City Clerk and Budget Director Richard P. Mullaney said the budget is balanced with one-shot moves and heavy use of reserve funds.

"We're taking back the pop bottles. We're breaking open the piggy bank. We're using every dollar we can to lower the tax rate," he said at the hearing.

As of Wednesday, the proposed tax rate stood at $14.86 per $1,000 of assessed valuation, a drop of 39 cents from this year.

But whether that brings a lower tax bill depends on what happened to each individual's property during this year's citywide reassessment.

Tucker said the Board of Estimate and Apportionment, a committee of top city officials that controls revenue estimates, had agreed to add $100,000 to the expected take from ambulance fees.

That lowered the tax rate and the levy by almost a full percentage point.

Tucker said he expects that once the Council determines exactly what the new fees will be, the city will realize more than $100,000, but he wanted to take a "conservative" approach.

Fire Chief Thomas J. Passuite proposed a $300,000 boost in ambulance revenue, or more than 50 percent.

The 2011 budget projected ambulance income of $575,000. As of the end of September, $400,000 had been collected, which was down $34,000 from the same period in 2010, City Auditor Ruth E. Ohol said.

Alderman Joseph C. Kibler, R-at large, reported that half of the ambulance billings are covered by Medicaid, Medicare or private insurance.

Tucker said, "The ones who are really stuck [with a fee hike] are the ones that don't have any insurance. History tells you those people don't pay."

Currently, the city's ambulance fees are $400 for basic life support; $600 for advanced life support; $160 for a treat-and-release call; and $210 for a "dead on arrival" transport.

Those fees are well below those of Rural/Metro or Twin City ambulances, Passuite reported.

Norman D. Allen, director of engineering and public works, had asked for a $100,000-a-year salary because of his expanded responsibilities since he took over streets and parks earlier this year.

But the Council gave Allen the same 3 percent raise that most other department heads were to receive, moving his pay to OVER 27 LNs$81,244,from $78,878. Allen said he was dissatisfied.

The Council hasn't decided on City Treasurer Michael E. White's request for an extra $12,000 to succeed the retiring Mullaney as budget director.

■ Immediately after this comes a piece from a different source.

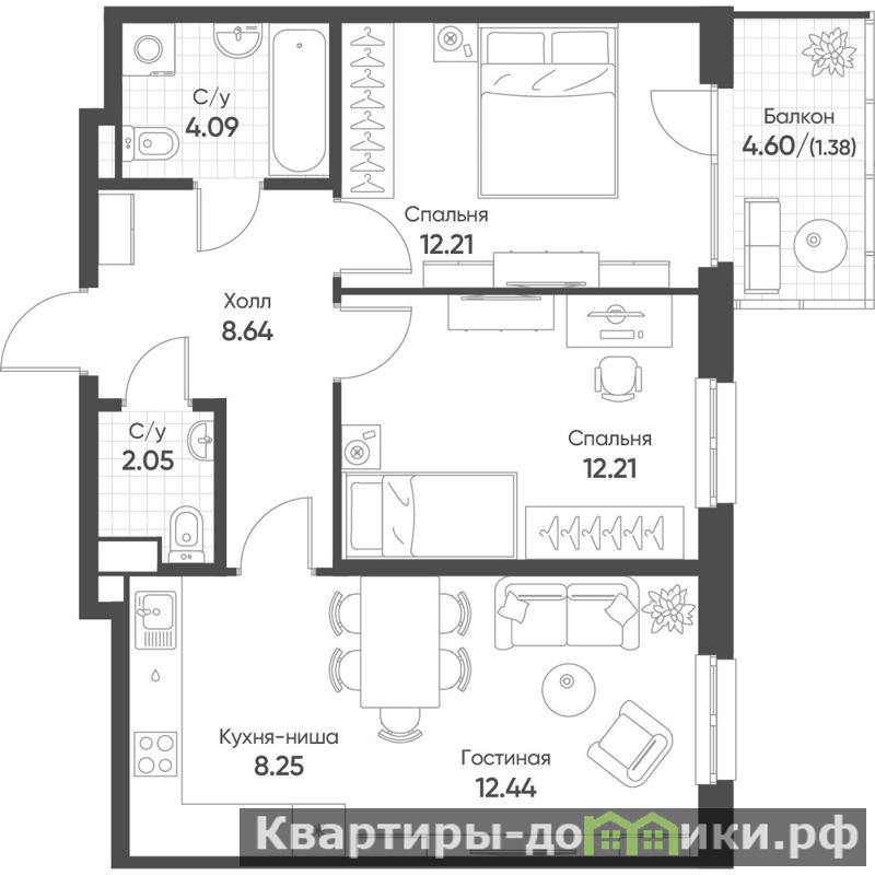 | 12.2 + 12.4 + 12.2 м2 | |
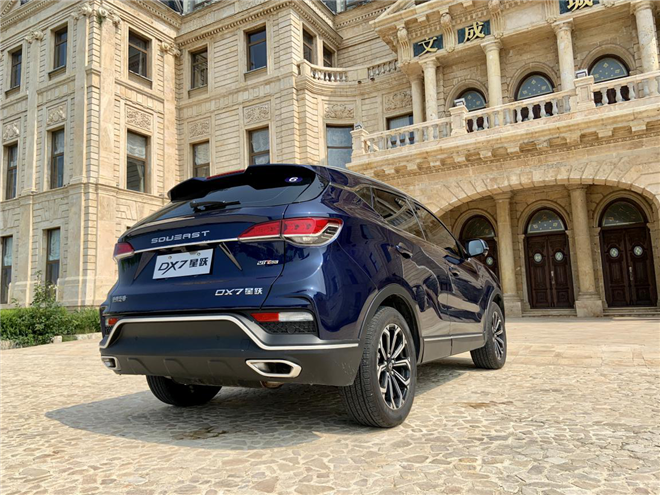 全新DX7星躍的車身側面與現款車型保持了一致。但值得注意的是,DX7星躍取消了現款車型前翼子板上那個毫無作用的假散熱孔,一條利落的線條貫穿全車,連接前臉與兩側尾燈,瞬間提升整車的立體感及線條律動感。

As of Wednesday, the $12,000 was still in the budget, but White's requested $8,262 stipend for Deputy Treasurer Steven A. Goerss to act as deputy budget director had been cut out.

Mullaney said Police Chief Lawrence M. Eggert's salary next year will be $97,655, an increase from $88,630 triggered by a state rule that keeps a chief's base pay ahead of his captains' salaries.

"He said if everyone's taking a [pay] freeze he'll take one, but nobody's taking a freeze," Mullaney said.